Savings rates have cratered, but Britons are still socking away cash in easy-access accounts to weather the coronavirus crisis—if they can afford to.

The amount of cash squirrelled away in easy-access savings accounts was up 303% in March and April, as the Britons responded to the economic uncertainty of the pandemic and falling expenses by stashing money where they can easily reach it.

Savers piled £11 billion into easy-access accounts in the two-month period, compared to just £2.7 billion stashed in March and April 2019, according to data from Paragon Bank.

Savers shovelled so much money into Goldman Sachs’ online savings account Marcus that the bank had to temporarily suspend deposits into the accounts, as total deposits neared the £25 billion threshold after which the Bank of England requires funds be ringfenced in a separate financial institution.

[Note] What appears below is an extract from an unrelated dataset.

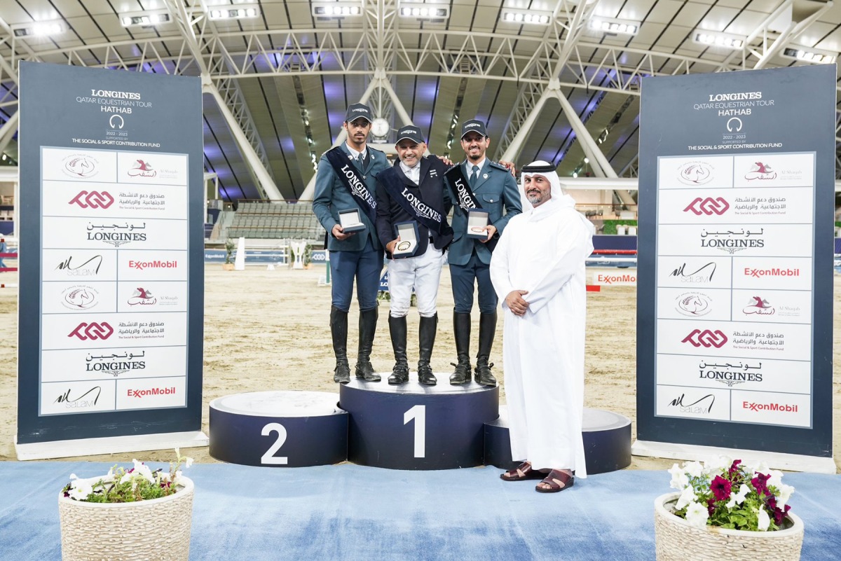 Qatar Equestrian Federation's Technical Director and former Olympic rider Ali Yousef Al Rumaihi with the podium winners of the Big Tour.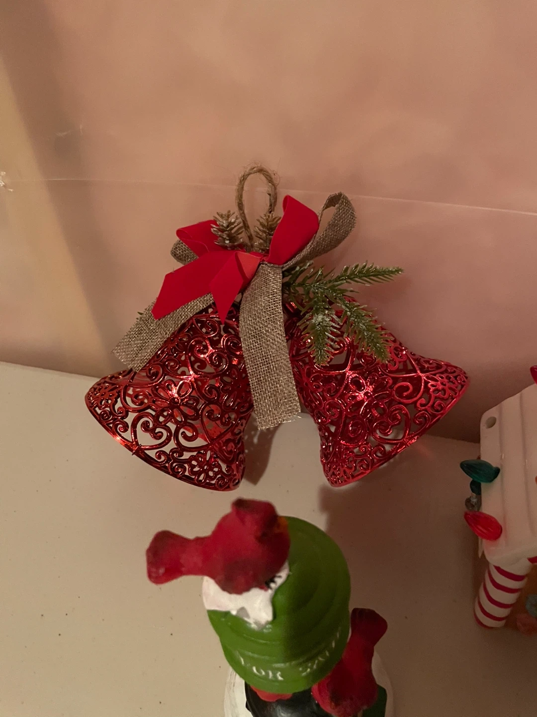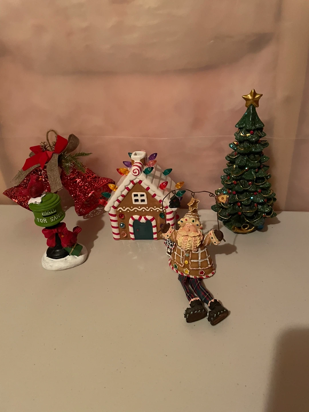 Selling a set of cute Christmas decorations! Includes a gingerbread house with lights, a Christmas tree, a set of red bells, and a 'Mail for Santa' figurine. Perfect for adding some holiday cheer to your home!

The savings frenzy comes despite savings rates falling to record lows. The average interest paid on easy-access accounts stood at 0.56% in March but had fallen to 0.40% in May and as of June stands at just 0.3%, according to data from Moneyfacts.

Rates on easy-access ISAs followed a similar trajectory, starting at 0.83% in March, before lockdown measures were imposed, before dropping to 0.63% in May and hitting just 0.45% today.

Currently, more than a third of savers’ money, a total of £176 billion, earns just 0.1% interest or less. 

If that £176 billion was shifted to accounts paying 0.5% interest, savers would earn £704 million more interest a year, Paragon calculated.

17 easy-accounts are currently paying more than that, with the best buy, income bonds from NS&I, the UK’s state-owned savings bank, paying 1.16%. 

Paragon’s data covers money deposited into savings accounts from CACI, which include the UK’s largest banks and building societies, and smaller savings providers like Ford Money and Shawbrook Bank which regularly offer market-beating interest rates. It echoes figures from the Bank of England, which found savers stashed away £30 billion in March and April, three times as much as they saved in the first two months of the year.

But while deposits into instant-access accounts have surged, the amount of money held in fixed-term or notice accounts fell. Savers clearly want easy access to their cash as the economic ground shifts beneath their feet, a senior banker at a challenger savings bank said.

“The lockdown has seen savers lock down their spending, but they aren't prepared to lock down their savings, they want it close to hand. People are spending less, withdrawing from savings less and topping up savings more. What they are saving they want quick access to given the economic uncertainty, which is very sensible,” the anonymous banker said.

While the coronavirus crisis has thrown the UK economy into turmoil, some households have come out ahead, as their commuting and entertainment expenses have fallen. The Office for National Statistics (ONS) calculated that lockdown restrictions have prohibited an average of £182 a week of household spending. 

Fortunate households are putting those saved pounds into savings accounts or using them to pay off debts. A record £7.4 billion of credit card and loan debt was cleared in April.

But while some are seeing a windfall, other households are facing spiralling debts. Debt advice charity StepChange has estimated that 4.6 million households have already racked up £6 billion in debt as they default on bills and rely on credit cards to make ends meet.

So the savings bonanza is largely limited to the wealthy. According to the Resolution Foundation, two in five high-income households have seen monetary gains during the pandemic, compared to just one in eight low-income families.